LE CONSEIL CONSTITUTIONNEL LIMITE LES NOUVEAUX POUVOIRS DES DÉPUTÉS
Contrainte de comparution, saisine directe du procureur, renouvellement de la Haute Cour de Justice : la haute juridiction a rayé d'un trait plusieurs dispositions controversées de la loi organique adoptée par l'Assemblée en juin dernier

(SenePlus) - Le Conseil constitutionnel a rendu ce vendredi 25 juillet une décision majeure censurant plusieurs articles clés de la récente réforme du règlement intérieur de l'Assemblée nationale, adoptée fin juin par 138 députés sur 165. La décision n° 2/C/2025, délibérée le 24 juillet 2025, invalide des dispositions importantes de la loi organique n° 09/2025 portant Règlement intérieur de l'Assemblée nationale.
Selon les extraits officiels de la décision, plusieurs articles ont été jugés contraires à la Constitution :
Article 56 partiellement invalidé : Le Conseil a censuré les dispositions permettant au président de l'Assemblée nationale de requérir la force publique pour contraindre une personne à comparaître devant une commission d'enquête. Le Conseil admet sa constitutionnalité sous réserve que la comparution soit volontaire et ne concerne que des faits exclusivement liés à l'organisation du service public de la justice, à l'exclusion de toute affaire en cours ou passée.
Article 57 invalidé : L'alinéa 4 de l'article 57, qui permettait à une commission d'enquête de saisir directement le Procureur de la République en cas d'infraction, a aussi été invalidé. Le Conseil rappelle que cette prérogative revient à l'exécutif, et non au législatif, et qu'une commission parlementaire ne saurait se substituer au parquet.
Articles 133, 134, 135 et 136 : La décision invalide également des dispositions relatives à la représentation de l'Assemblée nationale dans les organismes extérieurs et aux conditions de renouvellement des membres de la Haute Cour de Justice.
Conditions strictes pour l'audition des magistrats
Un élément central de la décision concerne les conditions d'audition des magistrats par les commissions d'enquête parlementaires. La haute juridiction a posé des conditions strictes :
- La comparution doit être exclusivement volontaire
- Elle ne peut concerner que des faits liés à l'organisation du service public de la justice
- Exclusion totale de toute affaire en cours ou déjà jugée
- Sollicitation préalable obligatoire du ministre de la Justice
Ces restrictions visent à préserver l'indépendance du pouvoir judiciaire face aux investigations parlementaires.

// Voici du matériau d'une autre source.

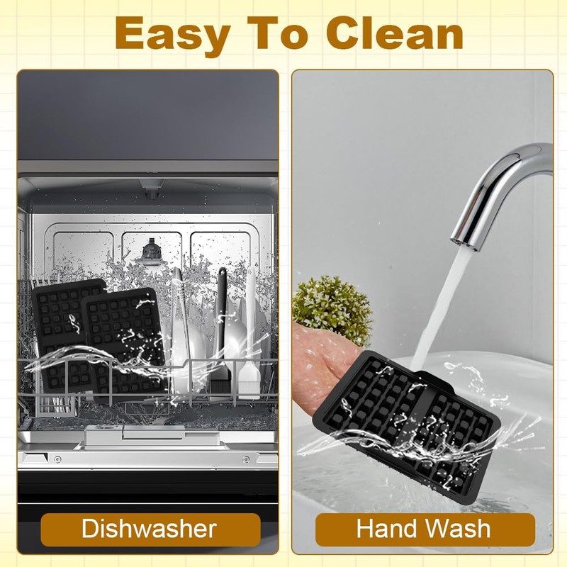 • EASY TO CLEAN: After use, the silicone waffle baking dish can be easily cleaned in the dishwasher or hand washed with warm water and neutral detergent. Thanks to its flexibility, it can be stored away to save space, making it a practical kitchen aid.

Cette décision constitue un revers institutionnel majeur pour le président de l'Assemblée nationale, Malick Ndiaye, élu en décembre 2024, qui avait fait de cette réforme une priorité. La réforme était portée par les députés Mohamed Ayib Salim Daffé (Pastef), Aïssata Tall (Takku Wallu Sénégal) et Tafsir Thioye (non-inscrit).
La loi organique avait été saisie par le président de la République le 7 juillet 2025 et adoptée par l'Assemblée nationale le 27 juin 2025 avec 138 voix pour, 00 voix contre et 01 abstention, conformément aux exigences constitutionnelles pour ce type de texte.